Write for Your Life: Who are you and what do you do?

Transcript

Shanna Butler: My name is Shanna Butler, I graduated from BYU in Print Journalism and English a long time ago. I worked for the Church magazines for 6 or 7 years. I did an internship with them while I was in school and then when I got out of school they hired me on full time. I worked for the New Era Magazine there and I held various positions. I did copy editing, I did free lance- I did writing and now I do free lance writing for them from home. I quit about a year and a half ago when I had my baby. So far I have been working from home for them and I’ve been doing other writing projects from home.

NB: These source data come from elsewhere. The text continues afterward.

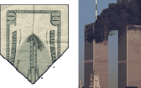 Al doblar el billete de 5 dólares muestra las torres antes del ataque y el de 10 muestra las torres tras el primer golpe.
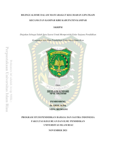 Sundari, Meylani (2021) Bilingualisme Dalam Masyarakat Kelurahan Lipatkain Kecamatan Kampar Kiri Kabupaten Kampar. Other thesis, Universitas Islam Riau.
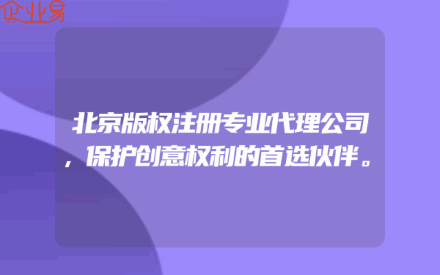 - 北京版权注册专业代理公司,保护创意权利的首选伙伴。
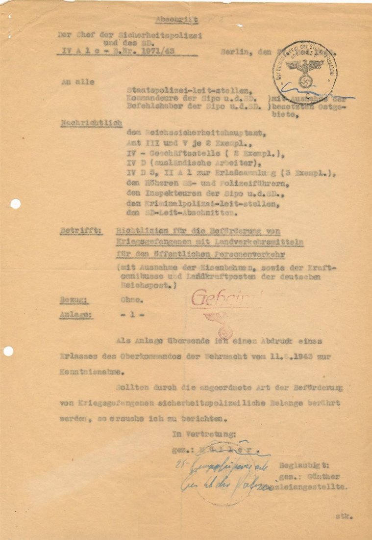 Heinrich "Gestapo" Muller- Rare Signed Document
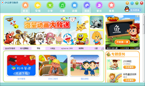少儿学习助手是一款包含了幼儿到小学的视频教学资源的学习软件,该少儿学习软件包括了儿童学英语、儿歌、十万个为什么、幼儿识字、幼儿识拼音、趣味奥数等。另外还有唐诗故事、成语故事、弟子规等,配合上绚丽的动画,让孩子学得更开心,学得更用心。
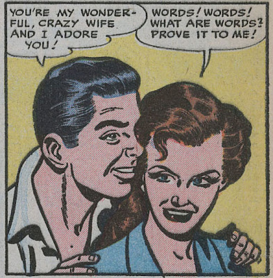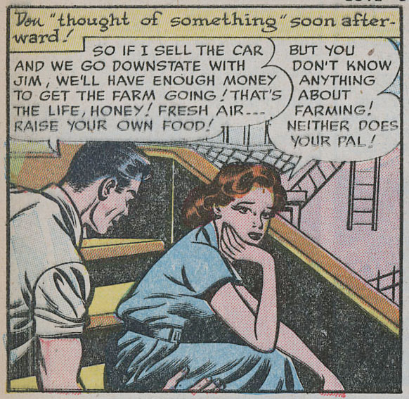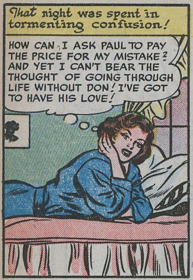 Michelle Nolan, who knows more about such things than I do, notes that of the 36 stories published in Love Confessions in 1953, this is the only one that doesn't end with the romantically afflicted in each others' arms.

Fidel Montero: Fidel Montero, I’m an Assistant Principal at Timpview High School. I’m in charge of overseeing instruction in the building. Along with my colleagues, we make sure that our hiring is in place; our staff is up and functioning. when we have student discipline issues, we address those, the facilities make sure that they are safe that they’re well kept; working with the parents, the community- so it’s a job with a lot of different hats. A good illustration of a time where writing was a critical component of my work happened last spring when we had an incident here at school that needed to be processed by our school district and also by the courts and they relied heavily on my description of the incident where we had several students involved in some criminal activity. I had to describe what happened and be as specific as I could be so that the judges and that the other people who were assessing the situation had a clear picture. I also had to do it in a way so that it wasn’t a lengthy document that they would ignore because of the importance of it.

As I was applying for a doctoral program, I had to write and explain—to the committee who was deciding on whether I would get accepted to the program—who I was and what I did as an educator and what my vision of education was. And again, I had to do it in a concise manner but in a way also that it would give them an idea of who I was and whether I was qualified to be in their program.

James Christensen: My name is James Christensen. I am a painter, an artist. I studied art in California, at BYU, and later joined the faculty. I spent 21 years in the art department at BYU. I publish my paintings as limited edition prints with Greenwich workshops. And I’ve had an opportunity to do seven or eight book projects that I’ve been kind of excited about. But primarily I think of myself as a painter, as a visual person.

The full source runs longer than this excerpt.